▸ **ABOUT THIS TASK**
Without any images, output the records below verbatim.

▸ **DATA FOR THIS EXERCISE**
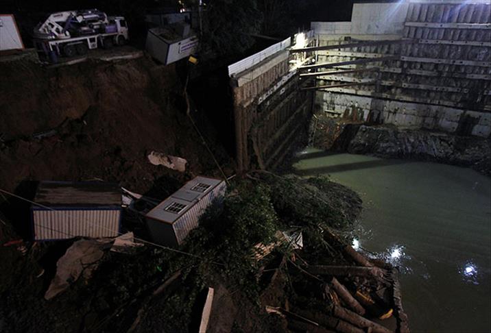 Sarıyer'de özel bir öğrenci yurdu inşaatının temelinde toprak kayması oldu.
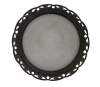 French Provincial / country style flush mount ceiling light medallion in an antique copper finish with a frosted glass shade decorated with flowers and swirls.
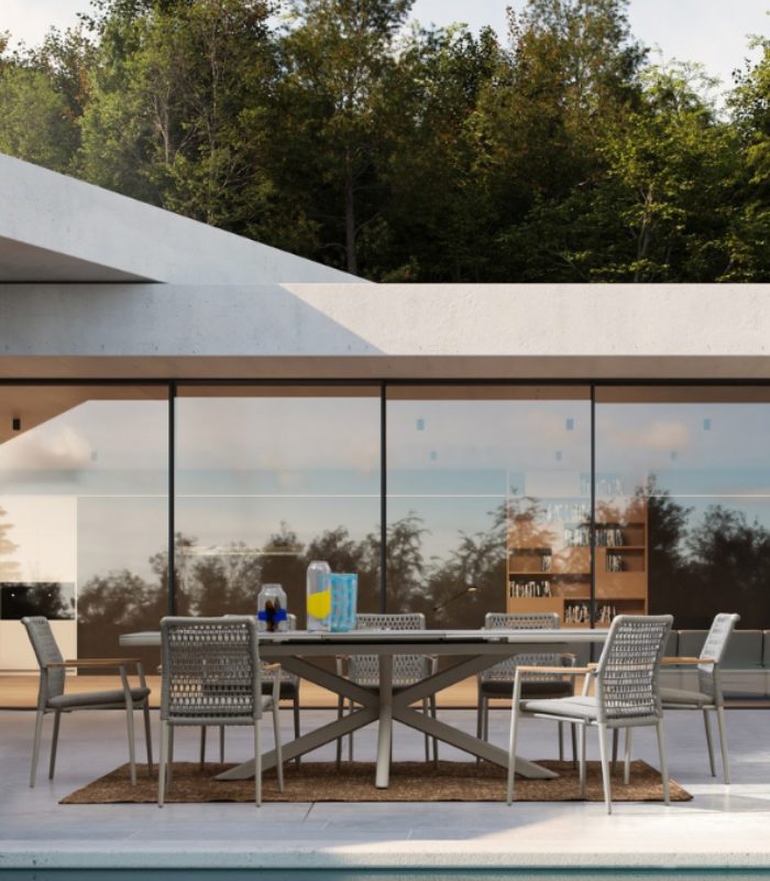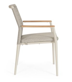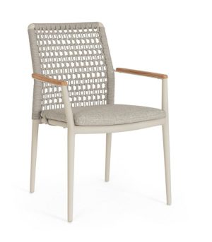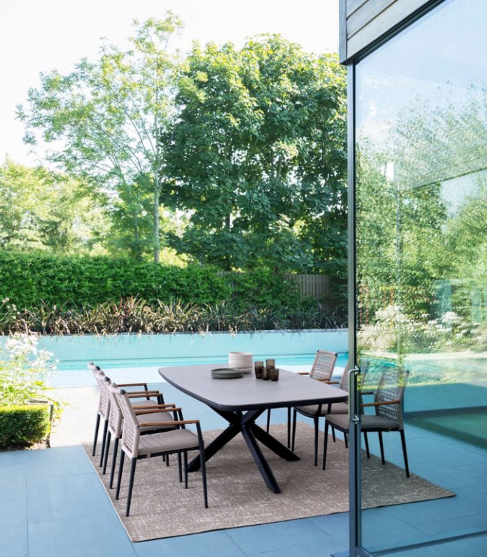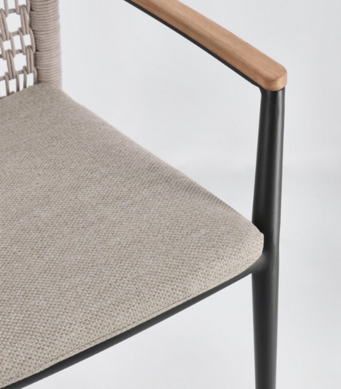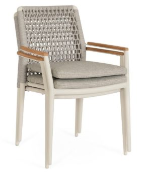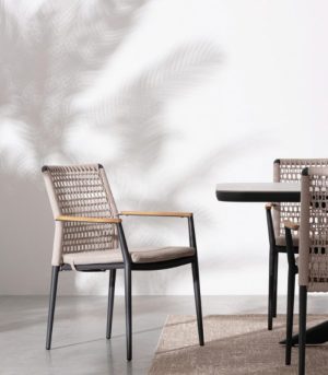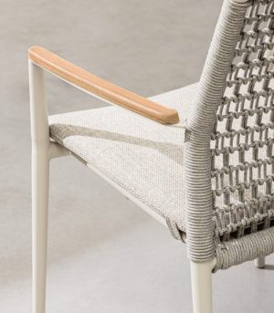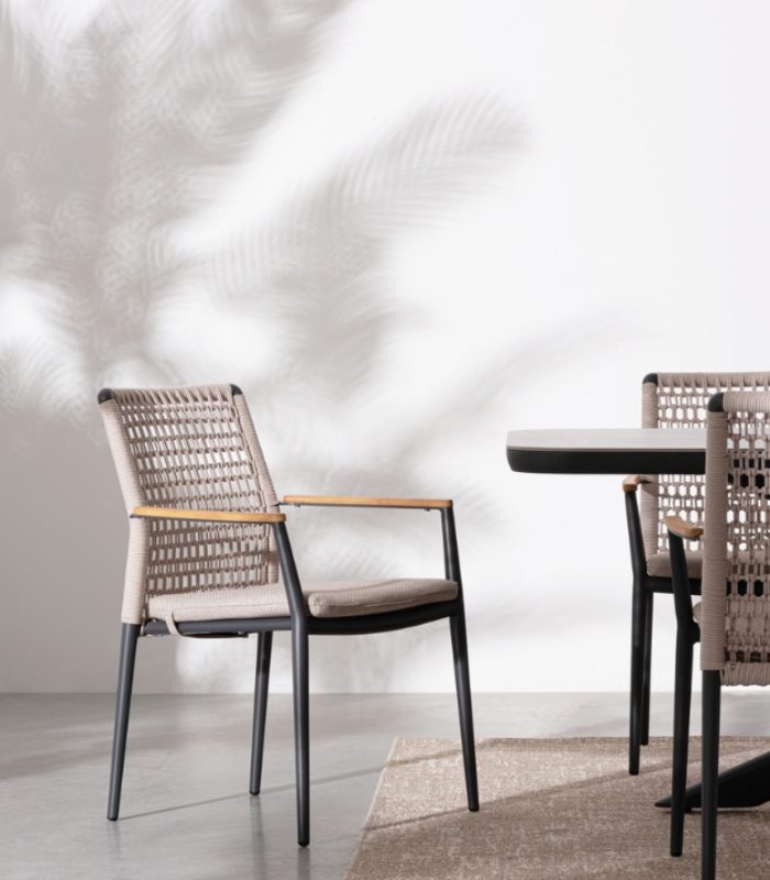 Ajoutez de la texture et de la distinction à votre salle à manger extérieure avec la chaise PORTOFINO. Cette pièce de design hybride se distingue par la combinaison de matériaux nobles et d’une ingénierie moderne : une structure légère en aluminium revêtu de poudre, un dossier en corde d’oléfine tissée de manière artisanale et d’élégants inserts en bois de teck sur les accoudoirs qui procurent de la chaleur au toucher. Conçu pour s’adapter à votre style, il est disponible en deux finitions : Pélican (ton sable) pour un look méditerranéen doux, ou Anthracite (gris foncé) pour un contraste moderne et sophistiqué avec le bois. Il est entièrement empilable, ce qui facilite le rangement, et offre un confort supérieur grâce à son coussin amovible en tissu Olefin (déperlant et résistant au soleil).
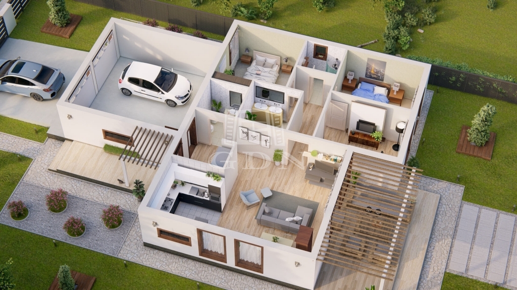 A hirdetésben szereplő ingatlan a Neptunus típusház. A Neptunus ház ára a kulcsrakész állapot alapján került kiszámításra.
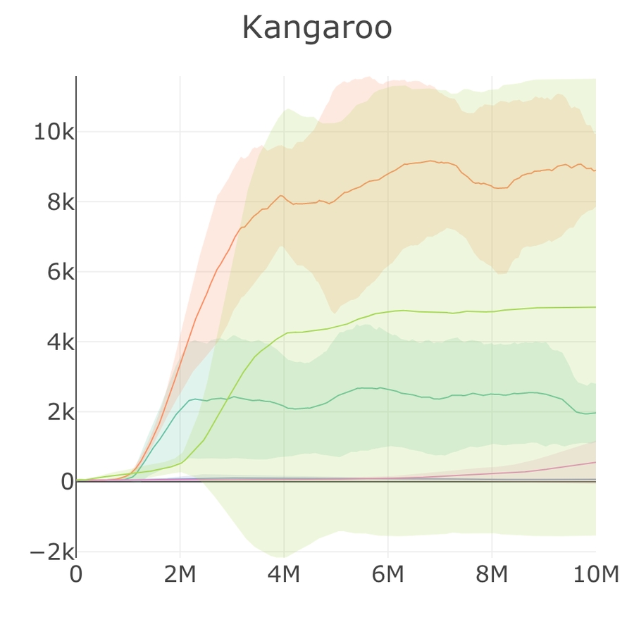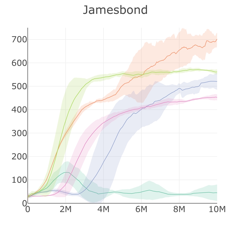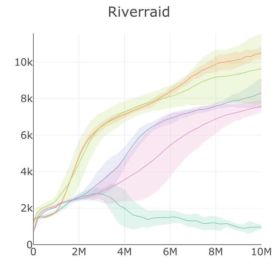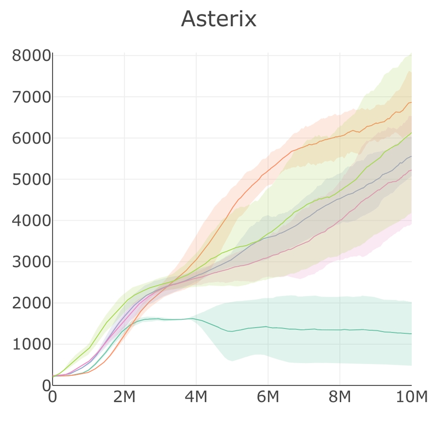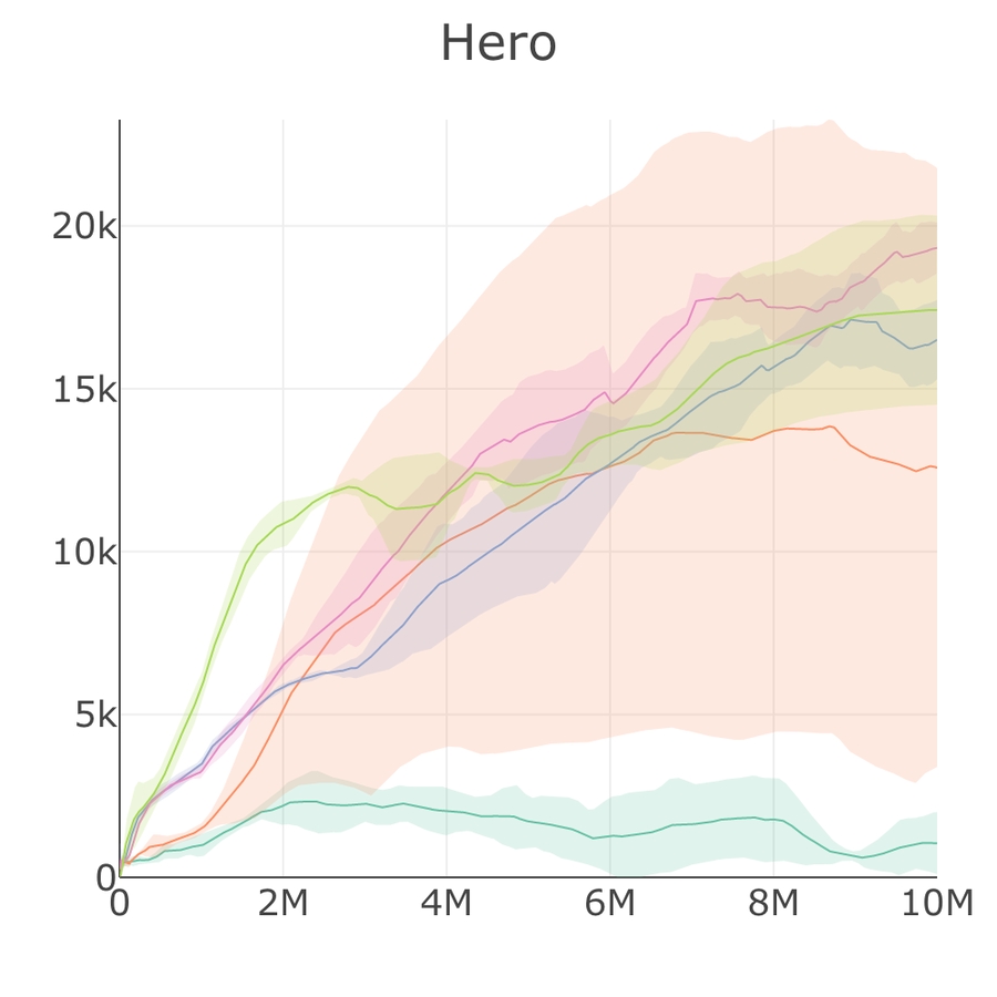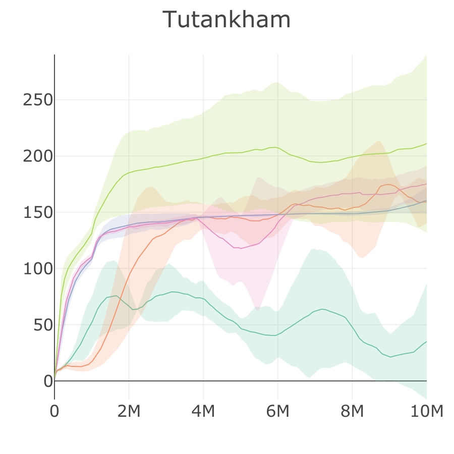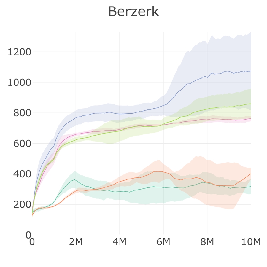 The table above presents results for 62 Atari games. All agents were trained for 10M frames (40M including skipped frames). Reported results are the episode score at the end of training, averaged over the previous 100 evaluation checkpoints with each checkpoint averaged over 4 Sessions. Agents were checkpointed every 10k training frames.
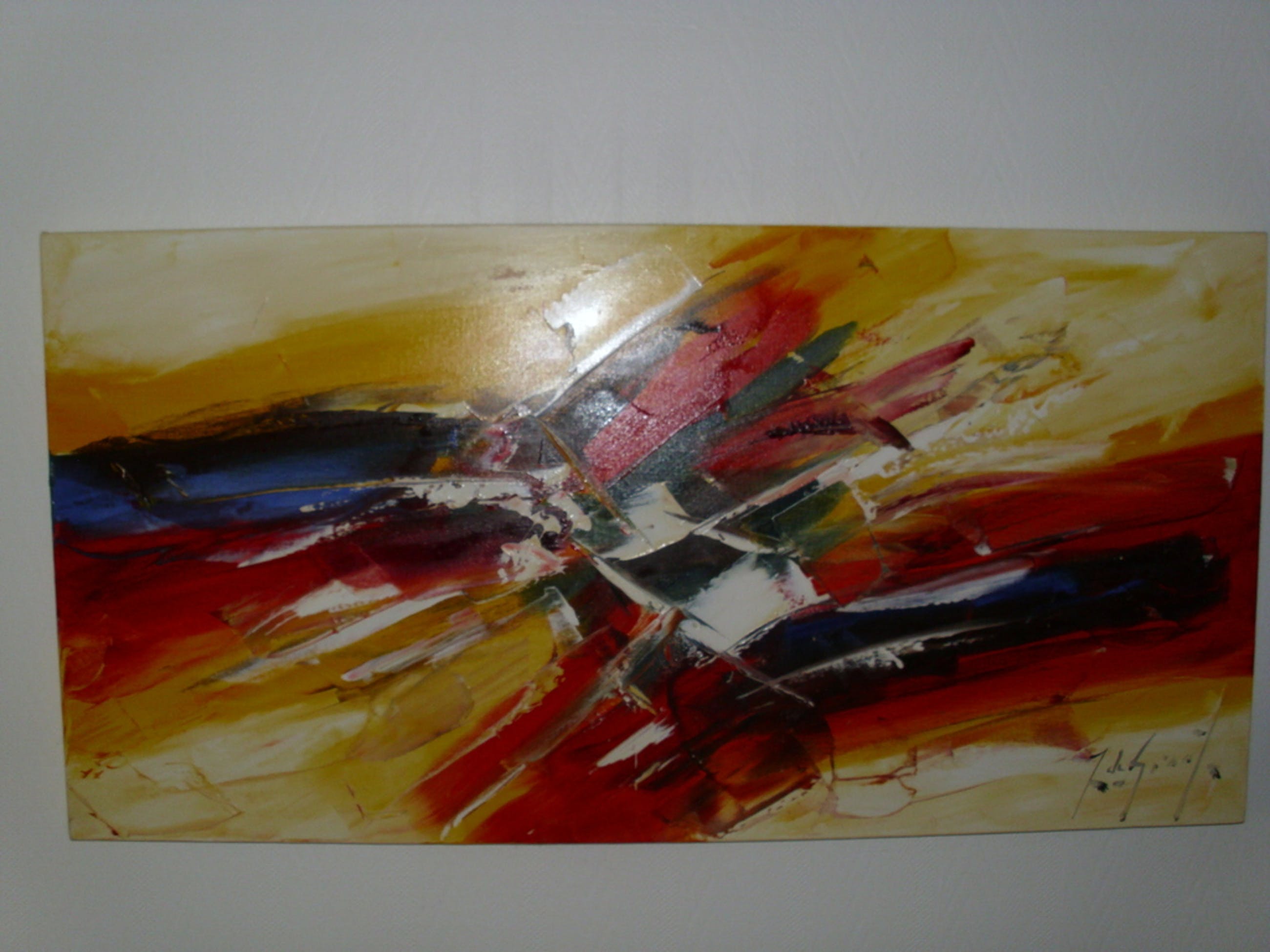 Schitterend doek van Jochem de Graaf uit amersfoort. Olieverf en gemaakt met palletmes.Veel rood en geel dus heel kleurig. Breed 120 cm , hoog 60 cm randen 4 cm en rondom meegeschilderd. Doek is ruim 10 jaar in ons bezit.Gekocht bij kunstgalerie in Kampen. Als het doek bezorgd moet worden komen de kosten koerier bij de biedprijs.

▸ **EXERCISE SOLUTION**
 Sarıyer'de özel bir öğrenci yurdu inşaatının temelinde toprak kayması oldu.
 French Provincial / country style flush mount ceiling light medallion in an antique copper finish with a frosted glass shade decorated with flowers and swirls.
 Ajoutez de la texture et de la distinction à votre salle à manger extérieure avec la chaise PORTOFINO. Cette pièce de design hybride se distingue par la combinaison de matériaux nobles et d’une ingénierie moderne : une structure légère en aluminium revêtu de poudre, un dossier en corde d’oléfine tissée de manière artisanale et d’élégants inserts en bois de teck sur les accoudoirs qui procurent de la chaleur au toucher. Conçu pour s’adapter à votre style, il est disponible en deux finitions : Pélican (ton sable) pour un look méditerranéen doux, ou Anthracite (gris foncé) pour un contraste moderne et sophistiqué avec le bois. Il est entièrement empilable, ce qui facilite le rangement, et offre un confort supérieur grâce à son coussin amovible en tissu Olefin (déperlant et résistant au soleil).
 A hirdetésben szereplő ingatlan a Neptunus típusház. A Neptunus ház ára a kulcsrakész állapot alapján került kiszámításra.
 The table above presents results for 62 Atari games. All agents were trained for 10M frames (40M including skipped frames). Reported results are the episode score at the end of training, averaged over the previous 100 evaluation checkpoints with each checkpoint averaged over 4 Sessions. Agents were checkpointed every 10k training frames.
 Schitterend doek van Jochem de Graaf uit amersfoort. Olieverf en gemaakt met palletmes.Veel rood en geel dus heel kleurig. Breed 120 cm , hoog 60 cm randen 4 cm en rondom meegeschilderd. Doek is ruim 10 jaar in ons bezit.Gekocht bij kunstgalerie in Kampen. Als het doek bezorgd moet worden komen de kosten koerier bij de biedprijs.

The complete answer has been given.